EXTRACTED DATA:
┌──

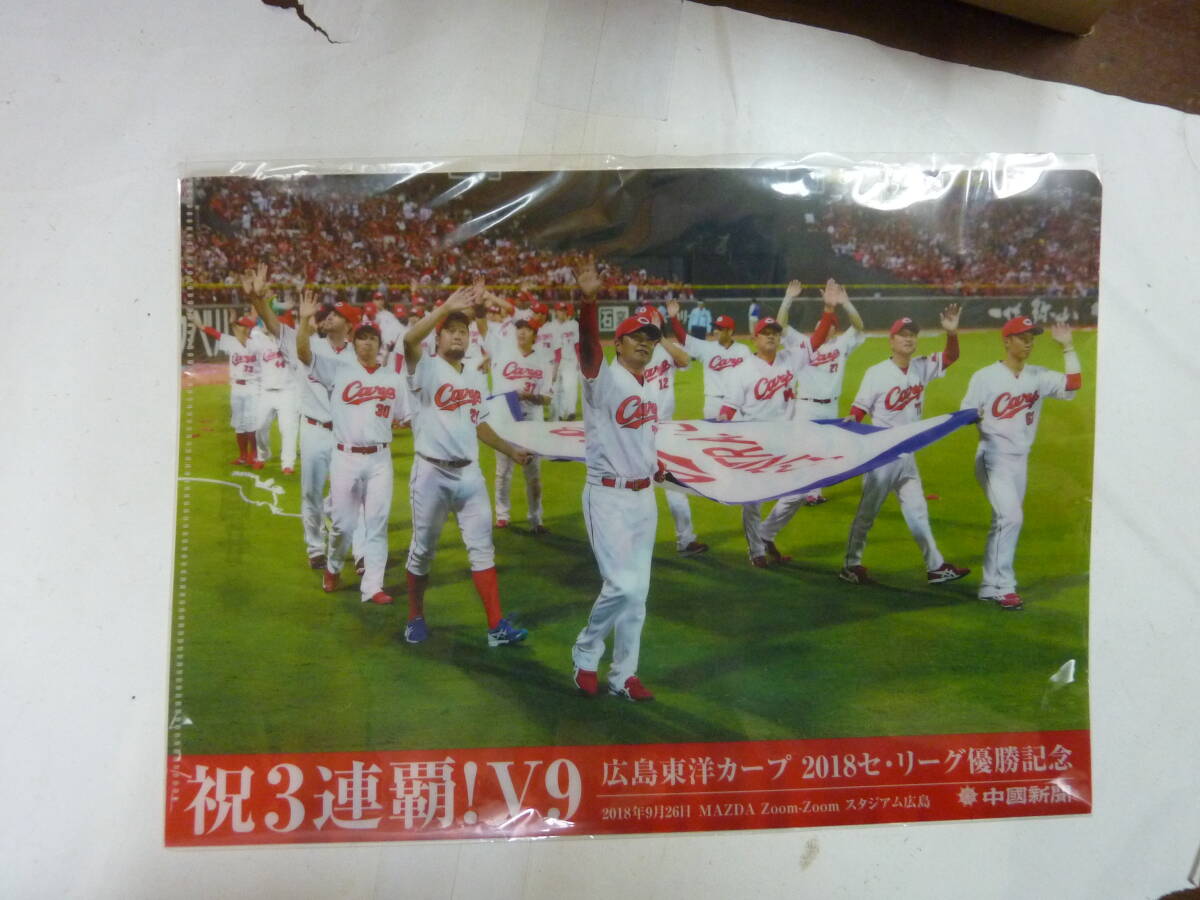 > [ 広島カープ (広島東洋カープ) / V9 2018年 セ・リーグ優勝 祝3連覇 ]未使用 ファイルケース 中国新聞 A4サイズ 送料無料
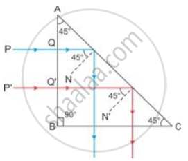 - Complete the path of the ray PQ till it emerges from the prism. Mark in the diagram the angle wherever necessary.
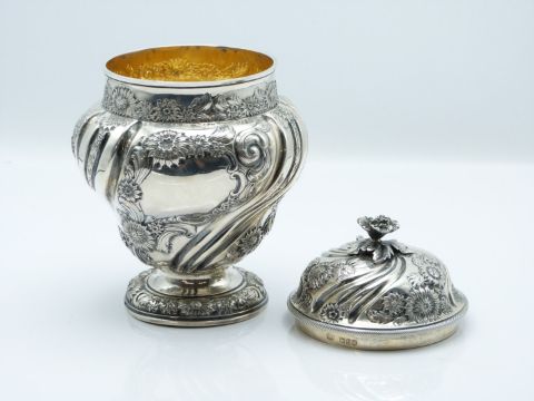 Edward VII hallmarked silver covered pedestal tea caddy with wrythen moulded and repoussé floral decoration, gilt wash interior, rope twist engine-turned rim and flower finial, London 1901 maker Hunt & Roskell, height 15.5cm, weight 302g
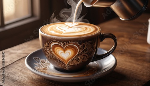 Mug of hot coffee with a beautiful heart design created from pouring milk and steam rising
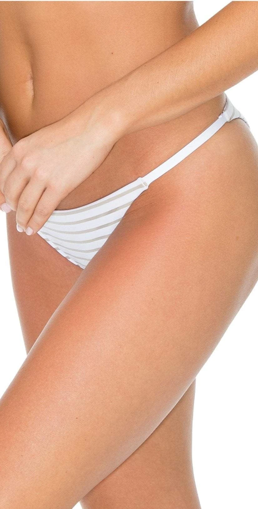 The Aerin Rose Anza Stripe Mercury Bottom is a low-rise white and opal striped bottom featuring thin side straps and cheeky coverage. This bottom pairs perfectly with the Aerin Rose Anza Stripe Tri Top.
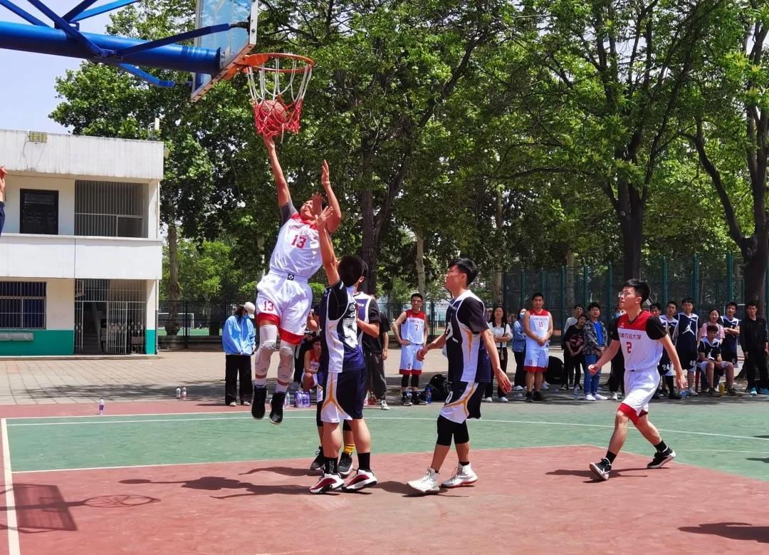 在篮球场举办“青春飞扬,梦想启航”毕业生师生篮球赛。
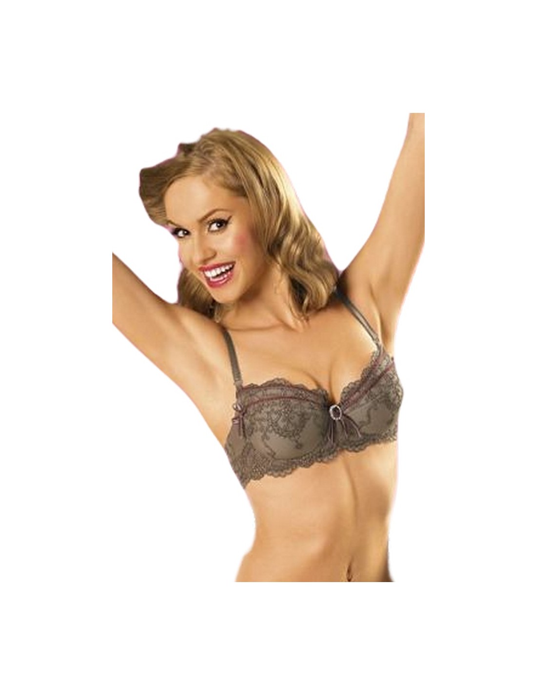 Ekskluzywny stanik w kolorze słodkiej czekolady sprawi, że poczujesz się rewelacyjnie wyjątkowa! Miseczki oraz boczki zdobi gustowna koronka. W środku dekoltu widnieje niewielka ozdoba dodająca dziewczęcej słodyczy... Ramiączka tego fasonu są odpinane, a wkładki wyjmowane, co pozwala na lepsze dopasowanie stanika do kształtu piersi.
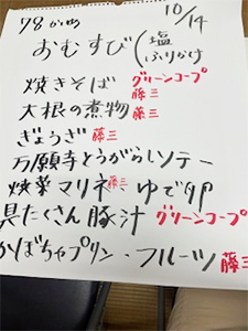 週末にお祭りがあるとのことで、沢山の方に来ていただきました。パンプキンロール、骨とり国産さばの生姜煮、厚切りポテトチップス(うすしお味)、他をご購入いただきました。
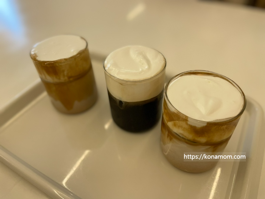저는 개인적으로 위에 크림이 올라가서 라떼랑 먹었을 때 더 어울렸던 것 같습니다.

└──

PROBLEM DETAILS:
Please transcribe each entry exactly and exclude any image it contains.

OUTPUT OF THE TASK:
 > [ 広島カープ (広島東洋カープ) / V9 2018年 セ・リーグ優勝 祝3連覇 ]未使用 ファイルケース 中国新聞 A4サイズ 送料無料
 - Complete the path of the ray PQ till it emerges from the prism. Mark in the diagram the angle wherever necessary.
 Edward VII hallmarked silver covered pedestal tea caddy with wrythen moulded and repoussé floral decoration, gilt wash interior, rope twist engine-turned rim and flower finial, London 1901 maker Hunt & Roskell, height 15.5cm, weight 302g
 Mug of hot coffee with a beautiful heart design created from pouring milk and steam rising
 The Aerin Rose Anza Stripe Mercury Bottom is a low-rise white and opal striped bottom featuring thin side straps and cheeky coverage. This bottom pairs perfectly with the Aerin Rose Anza Stripe Tri Top.
 在篮球场举办“青春飞扬,梦想启航”毕业生师生篮球赛。
 Ekskluzywny stanik w kolorze słodkiej czekolady sprawi, że poczujesz się rewelacyjnie wyjątkowa! Miseczki oraz boczki zdobi gustowna koronka. W środku dekoltu widnieje niewielka ozdoba dodająca dziewczęcej słodyczy... Ramiączka tego fasonu są odpinane, a wkładki wyjmowane, co pozwala na lepsze dopasowanie stanika do kształtu piersi.
 週末にお祭りがあるとのことで、沢山の方に来ていただきました。パンプキンロール、骨とり国産さばの生姜煮、厚切りポテトチップス(うすしお味)、他をご購入いただきました。
저는 개인적으로 위에 크림이 올라가서 라떼랑 먹었을 때 더 어울렸던 것 같습니다.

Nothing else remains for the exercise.